The company’s Advanced intelligent Clear-IQ Engine, or AiCE, aims to sharpen scans taken by lower-dose, 1.5 Tesla MRIs, to bring their image quality up to par with 3.0 Tesla machines.

The system was previously cleared by the FDA for certain brain- and knee-focused indications, using Canon Medical’s Vantage Orian 1.5 Tesla system. Now its applications span all joints, as well as cardiac, abdomen, spine and pelvic scans.

“In today’s environment, making images easy to read and acquire is more important than ever, and this is the latest demonstration of our commitment to offering accessible AI that clinicians can use to make the greatest impact on patient care,” said Jonathan Furuyama, managing director of Canon Medical’s MR business unit.

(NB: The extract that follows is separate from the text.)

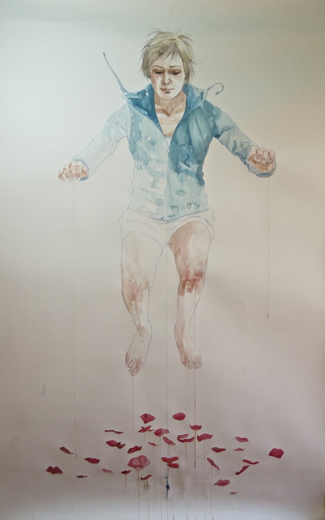Tre installazioni corrisponderanno ad altrettanti acquerelli di grandi dimensioni che ritraggono appunto i saltatori, ossia coloro che rimangono ad affrontare i periodi di dolore che accompagnano inevitabilmente un percorso di separazione, ritratti nel momento in cui la spinta verso l'alto è già avvenuta ed il corpo è tra la sospensione e l'accenno della discesa.

RELATED: Canon gets FDA nod for high-resolution CT system

The expansion follows two recent FDA clearances for Canon Medical in December and January, including an AI-equipped, large-bore CT scanner and software designed to boost 3D MRI imaging times.

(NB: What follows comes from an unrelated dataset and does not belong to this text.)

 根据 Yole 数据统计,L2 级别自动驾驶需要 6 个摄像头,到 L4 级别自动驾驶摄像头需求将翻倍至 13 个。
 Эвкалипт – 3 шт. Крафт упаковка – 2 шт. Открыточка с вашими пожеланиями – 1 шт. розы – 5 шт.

The company’s Speeder software, also for its Vantage Orian 1.5 Tesla system, was cleared to help accelerate surgical planning and orthopedic applications by reconstructing full resolution images from under-sampled data. This allows technicians to perform a scan at least twice as fast, the company said. The software also includes an application to help clinicians quantify fatty liver disease.

The company’s Aquilion Exceed large-bore CT system, meanwhile, uses AiCE technology to provide more distinct images with an opening nearly one meter wide, with an extended field-of-view of 90 centimeters.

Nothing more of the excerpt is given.